Priority 6 - Improve trust and confidence in our nurses and doctors

Partially achieved

Rationale for achievement rating

  • The National Inpatient Survey Results published in 2021 showed the Trust in the bottom 20% of the country (88% for nurses and 89% for doctors). Our ambition was to move our performance to the top 10% of organisations in the 2023 National Inpatient Survey. The 2023 National Inpatient Survey results have not yet been published, therefore the achievement rating for this priority is based on our local patient survey results (around 350- 400 surveys are conducted per month).
  • Although trust and confidence in nurses scores reported from our local patient experience survey were above our ambition of 92% for most of the year, we dipped below that in both July 2023 and March 2024. 
  • Trust and confidence in doctors scores reported from our local patient experience survey did not meet our ambition of 93% during the year.
  Target April 23 May 23 June 23 July 23 August 23 September 23 October 23 November 23 December 23 January 24 February 24 March 24
Trust and confidence in nurses 92% 94% 93% 96% 89% 94% 96% 94% 93% 93% 95% 92% 91%
Trust and confidence in doctors 93% 89% 90% 91% 87% 91% 92% 91% 89% 89% 91% 89% 90%

 

Improvement actions in 2023/24

  • Focus groups held with staff and patients to better understand what gave people trust and confidence and what matters most to them. 
  • Customer care training was commissioned from NHS Elect. This was attended by a range of staff and feedback was very positive. 
  • We have focused on the ‘basics’, ensuring staff introduce themselves and utilise the ‘Hello my name is’ yellow badges. 
  • We have continued to progress our shared decision making workstream. Shared decision making supports a ‘partnership’ approach between a healthcare professional and a patient to offer a more personalised approach to understanding and making decisions about care and treatment. 
  • We have included communication as part of our Fundamental and Better care walkabouts, observing and supporting frontline teams to foster positive interactions with our patients, carers and families.
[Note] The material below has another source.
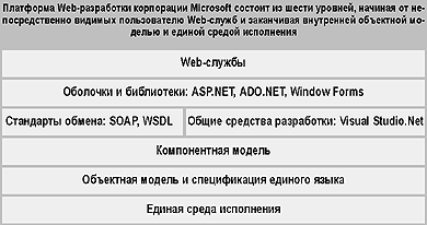 Так что же такое .NET? Можно дать следующее обобщенное определение: «Открытая для разных языков платформа для корпоративных и Web-разработок». Ее цель состоит в том, чтобы предоставить абстрактную машину для профессиональных разработчиков, подходящую как для традиционных (клиент-серверных, n-звенных), так и для Web-ориентированных приложений. На рис. 1 показаны шесть уровней общей структуры платформы.

Further actions for 2024/25

  • We will continue to progress our shared decision making workstream. 
  • We will be one of the hospital trusts to participate in Phase 1 of the implementation of Martha’s Rule.
    The 3 proposed components of Martha’s Rule are:
    1. All staff in NHS trusts must have 24/7 access to a rapid review from a critical care outreach team, who they can contact should they have concerns about a patient. 
    2. All patients, their families, carers, and advocates must also have access to the same 24/7 rapid review from a critical care outreach team, which they can contact via mechanisms advertised around the hospital, and more widely if they are worried about the patient’s condition. 
    3. The NHS must implement a structured approach to obtain information relating to a patient’s condition directly from patients and their families at least daily. In the first instance, this will cover all inpatients in acute and specialist trusts. 
  • Our clinical accreditation scheme will focus on communication as a key element and also take into account patient feedback such as local patient experience survey results and the Friends and Family Test.